Global Climate Destabilization – A Conversation

 

 

The Global Warming debate is, needless to say (but I’m saying it anyway to further this blog post), a contentious one. As Greg the Science Teacher Guy says, a more accurate term is Global Climate Destabilization. So whether you think humans are causing the planet to warm or not, or whether you even believe that the planet is even warming, this video gets a potentially important conversation going. It also frames the debate properly, not in whether the problem does or does not exist, but what are the costs or benefits to acting or not.

This video, entitled "How It All Ends" (hyperbole . . . or not?), is important not only from the global implications of the debate itself, but also because of the educational importance of science and the scientific process. This debate is what science is all about – a theory, presentation of data, peer review, skepticism, finding holes in the theory, lather, rinse, repeat.

Greg’s video makes me want to investigate more and see all the arguments for and against.
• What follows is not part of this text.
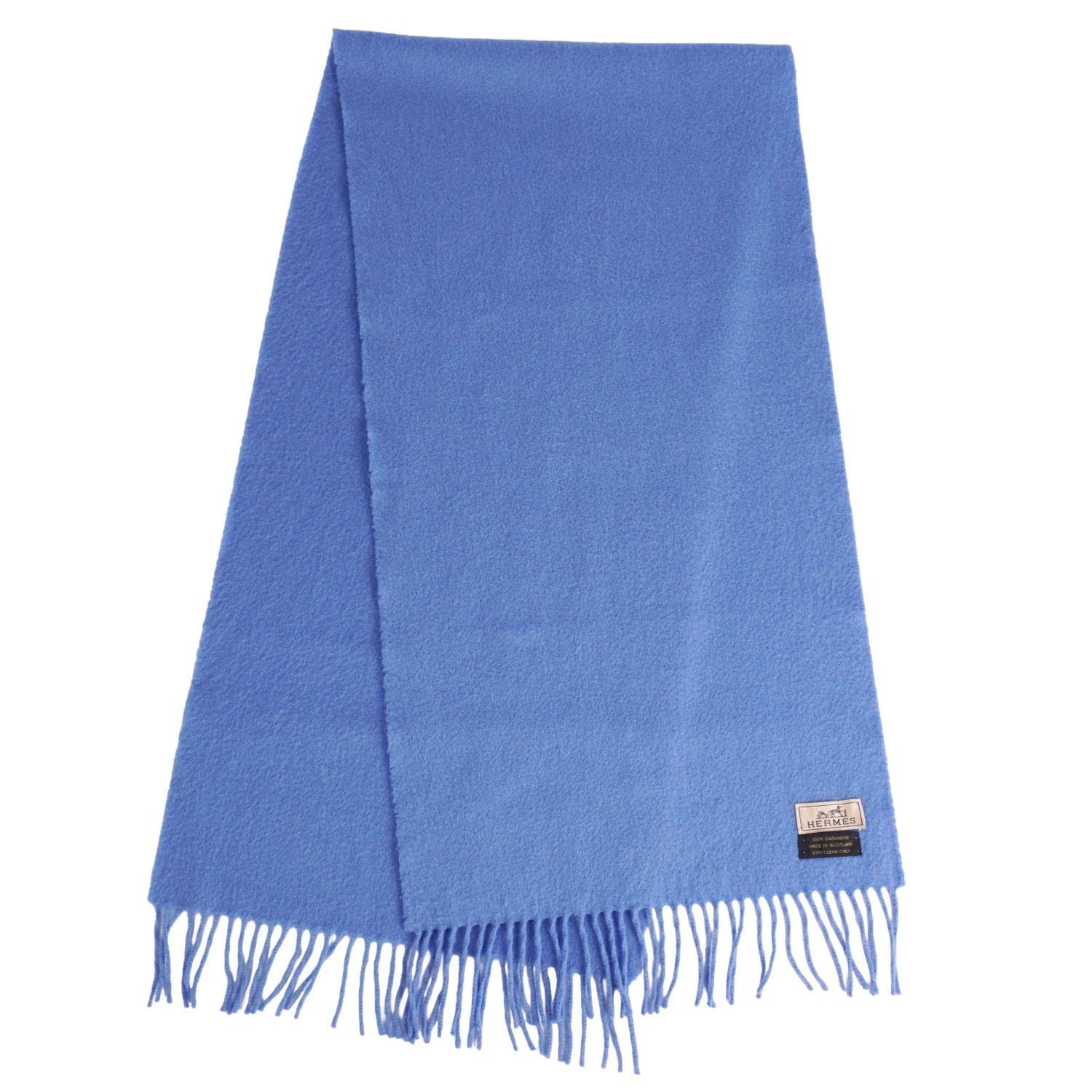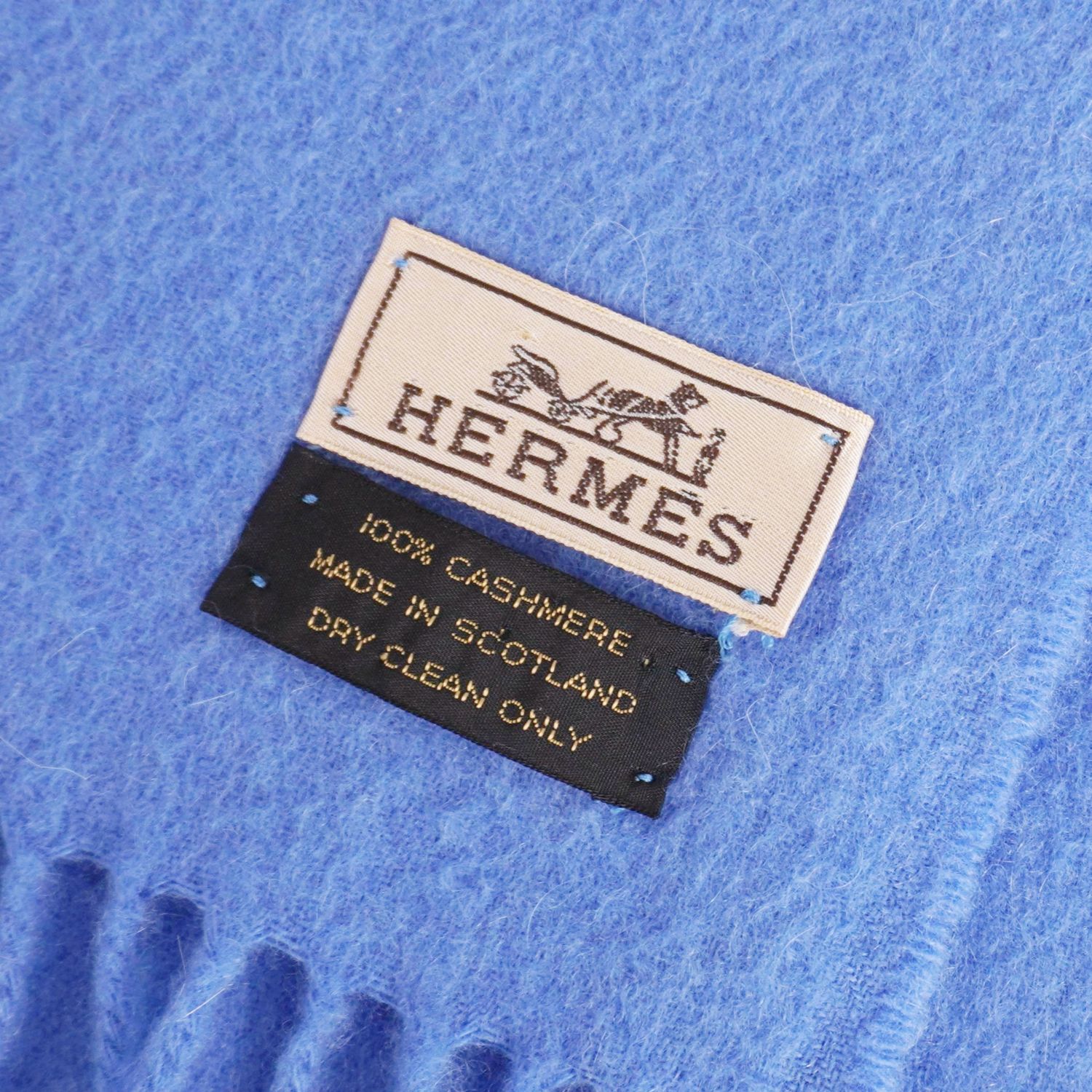 エルメス HERMES マフラー ストール ショール フリンジ カシミヤ100% スコットランド製 ユニセックス ブルー サイズ-

I can form my opinions from people presenting evidence, but I always have more questions and I usually ask "what if they’re wrong?" Take for instance this video by the world renowned and well respected Sir David Attenborough:

 

 

Entitled "The Truth About Climate Change", it lays out (literally) the graph of the warming that’s occurring, but I’m left feeling like "that’s it, but I have so many questions?" Don’t just tell me it’s THE truth. So here’s another question. Can scientists possibly present ALL the arguments and evidence for ALL of us to be convinced one way or the other? I think this is an admirable attempt (though, as I write this I haven’t watched anywhere near all the videos) to open this debate to the public in an intelligent and scientific way. I think it’s worth my time.

Hat tip to Karl Fisch.

2 Comments

  1. It is a good one….(I delicioused it to you and many others about a month ago, btw).

    In answer to your questions, no and no, in reverse order. No, of course not ALL will be convinced about anything through rational discussion and/or science (‘We never landed on the moon’, young earth creationism, controlled demolition of WTC, Elvis lives, “They’ll still find the WMD in Iraq”, etc.). it’s a problem I’m not sure this or any other society will overcome. Let’s just try to keep them in a very tiny minority.

    And no, scientists can’s present ALL the arguments and evidence–science/evidence accumulates slowly over time, each scientist (or more likely, group of scientists) contributes a little piece here and a little piece there. Then a big picture emerges. What needs to happen better is instruction at the elementary and high school level about the nature of science so that people can cope with thinking about the big picture of scientific evidence.

    Darnit, this topic always riles me up!

  2. Patrick has already said it quite well.

    Even though I’m sure you read a plethora of blogs already I would suggest checking out No Impact Man. Even though his experiment is over the old posts are worth perusing and I think he makes great arguments on why global warming is something we should really be concerned about.